Once the similarity feature vectors are calculated, we train four different classifiers that are commonly used for the given task: (i) Random Forest, (ii) Naive Bayes, (iii) Support Vector Machines (SVM) and (iv) Logistic Regression.

As the training dataset contains only a few matching pairs, and a lot of non-matching pairs, the dataset is highly imbalanced. To address the problem of classifying imbalanced datasets we use two sampling approaches [4]: (i) Random Under Sampling (RUS): removes samples from the majority class until the number of the samples of the minority class equals the number of samples of the majority class; (ii) Random Over Sampling (ROS): randomly samples instances from the minority class until the number of the samples of the minority class equals the number of samples of the majority class.

4 Evaluation

In this section, we evaluate the extent to which we can use the dataset of structured product ads for the task of matching unstructured product descriptions.

4.1 Datasets

For the evaluation we use Yahoo’s Gemini Product Ads (GPA) for supervision, and we use a subset of the WebDataCommons (WDC) extractionFootnote 4.

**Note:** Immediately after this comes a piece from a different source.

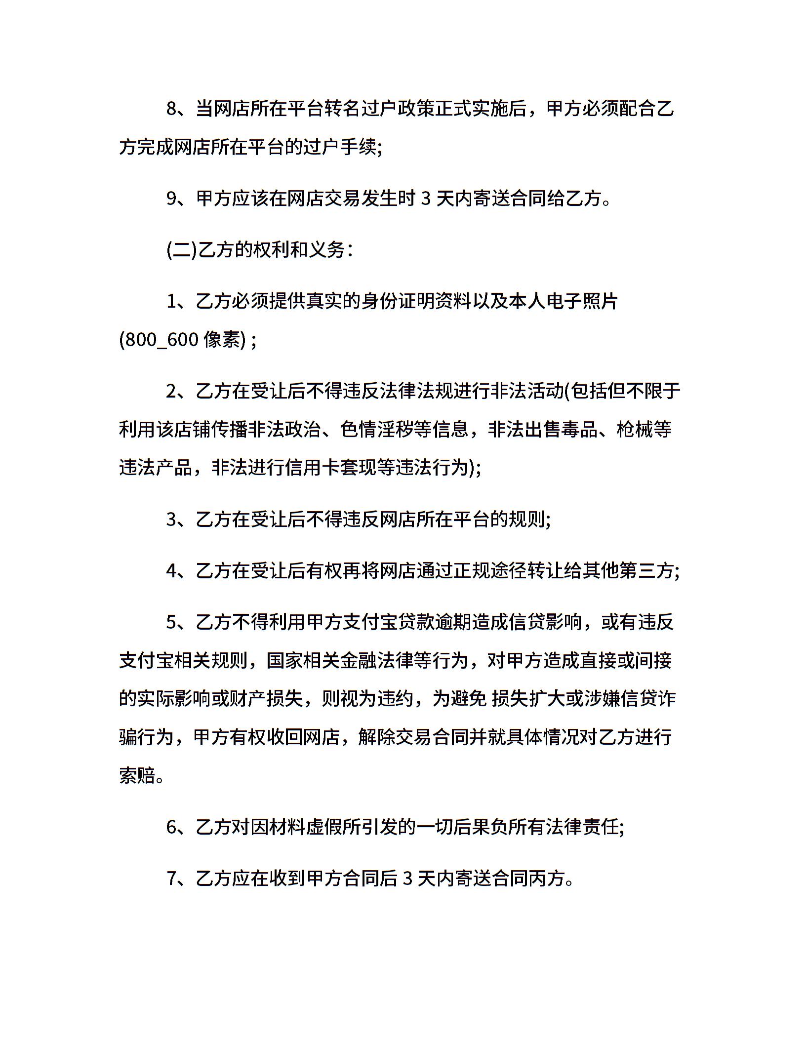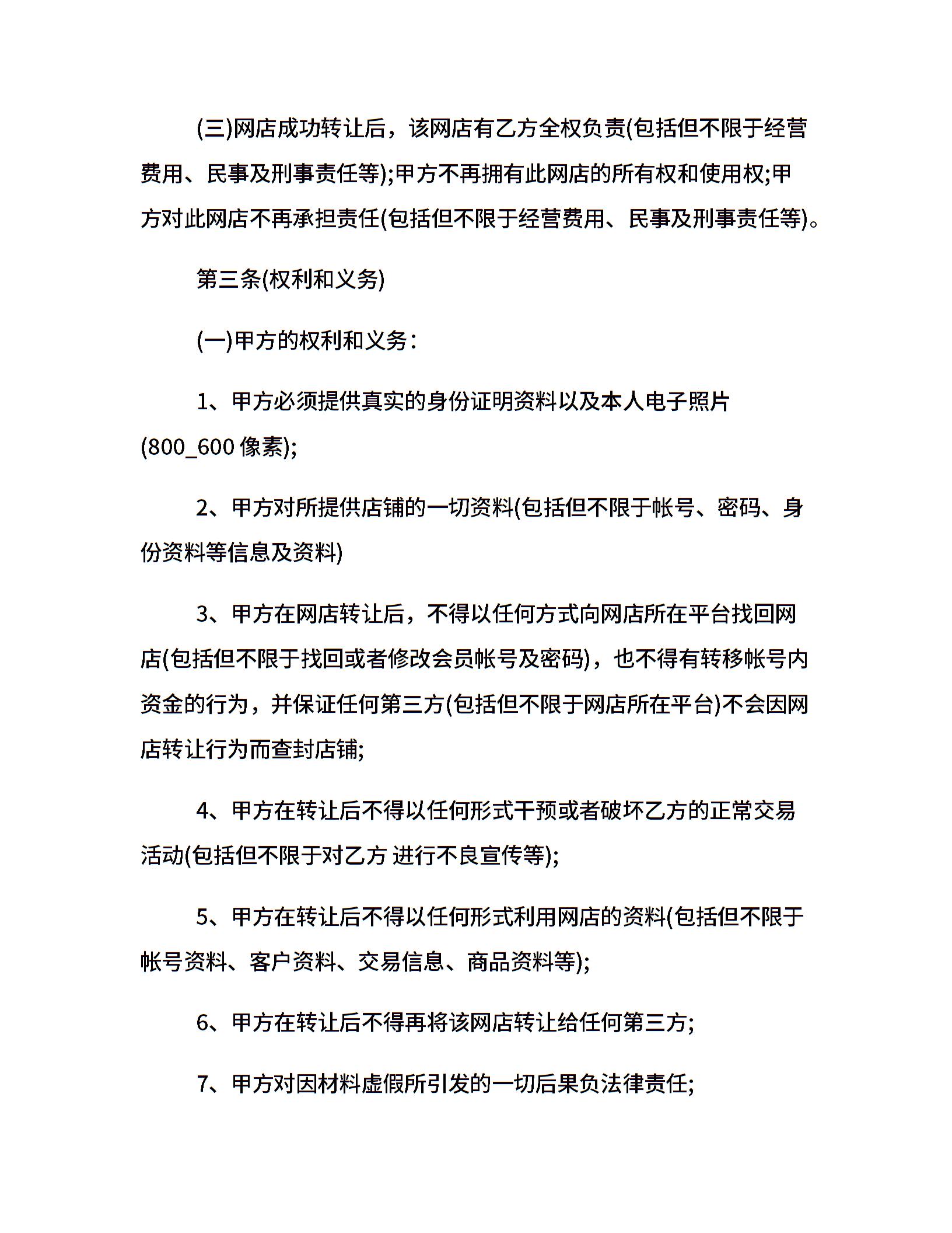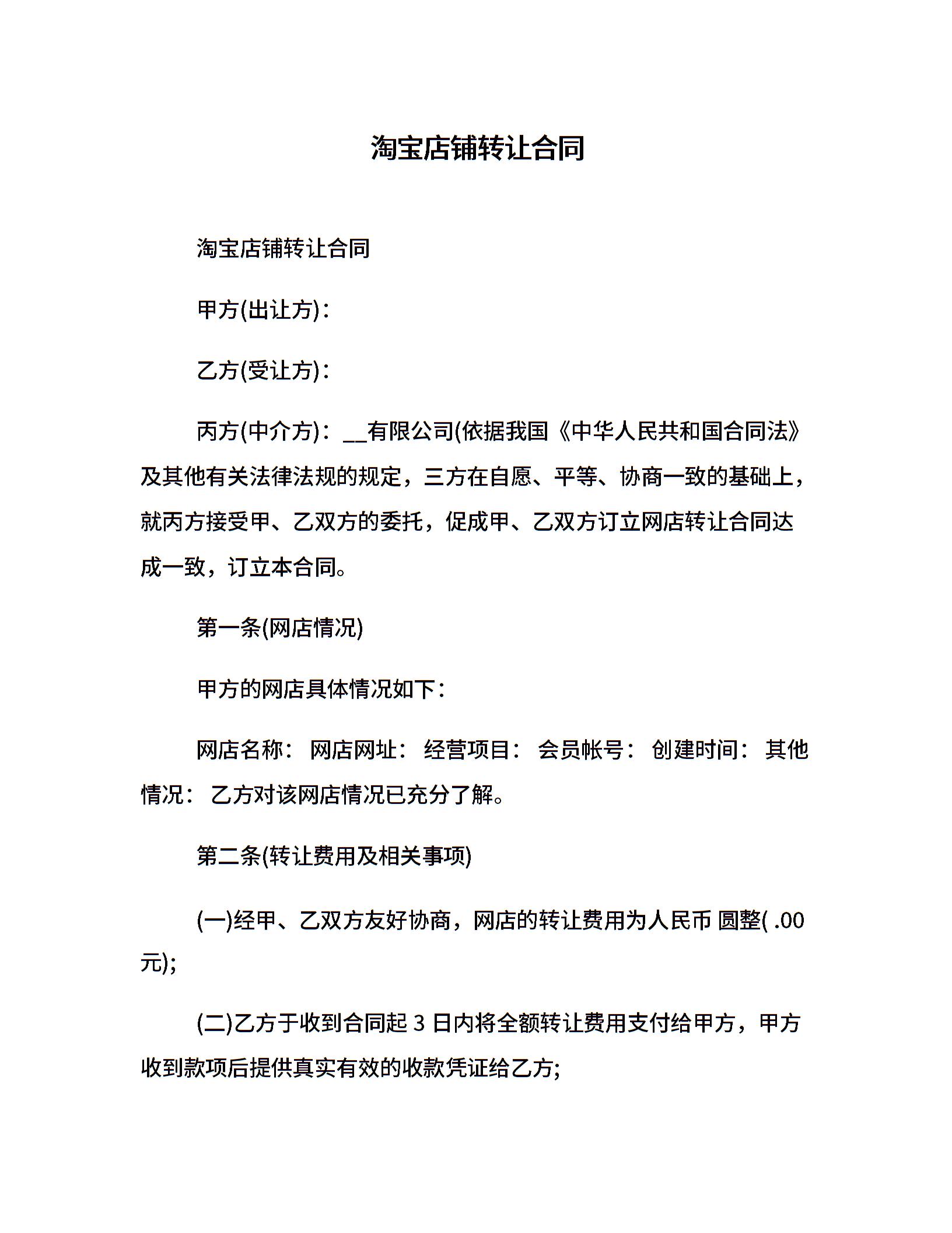 淘宝店铺转让合同

Table 2. Datasets used in the evaluation

Prouduct Ads - GPA Dataset: For our experiments, we are using a sample of three product categories from the Yahoo’s Gemini Product Ads database. More precisely, we use a sample of 3,476 TVs, 3,372 mobile phones and 3,330 laptops. There are 35 different attributes in the TVs and mobile phones categories, and 27 attributes in the laptops category. We use this dataset to build the dictionary-based and the CRF feature extraction models.

Unstructured Product Offers - WDC Microdata Dataset: The latest extraction of WebDataCommons includes over 5 billion entities marked up by one of the three main HTML markup languages (i.e., Microdata, Microformats and RDFa) and has been retrieved from the CommonCrawl 2014 corpusFootnote 5. From this dataset we focus on product entities annotated with Microdata using the schema.org vocabulary. To do so, we use a sub-set of entities annotated with http://schema.org/Product. The dataset contains 288,082,823 entities in total, or 2,829,523,589 RDF quads. 89,608 PLDs (10.9 %) annotate at least one entity as s:Product and 62,849 PLDs (7.6 %) annotate at least one entity as s:Offer. In our approach, we make use of the properties s:name and s:description for extracting attribute-value pairs.

To evaluate the approach, we built a gold standard from the WDC dataset on three categories in the Electronics domain, i.e., TVs, mobile phones and laptops. We set some constraints on the entities we select: (i) the products must contain s:name and s:description property in English language, (ii) the s:name must contain between 3 and 50 words, (iii) the s:description must contain between 10 and 200 words, (iv) ignore entities from community advertisement websites (e.g., gumtree.com), (v) the product can be uniquely identified based on the title and description i.e., contains enough information to pinpoint the exact product.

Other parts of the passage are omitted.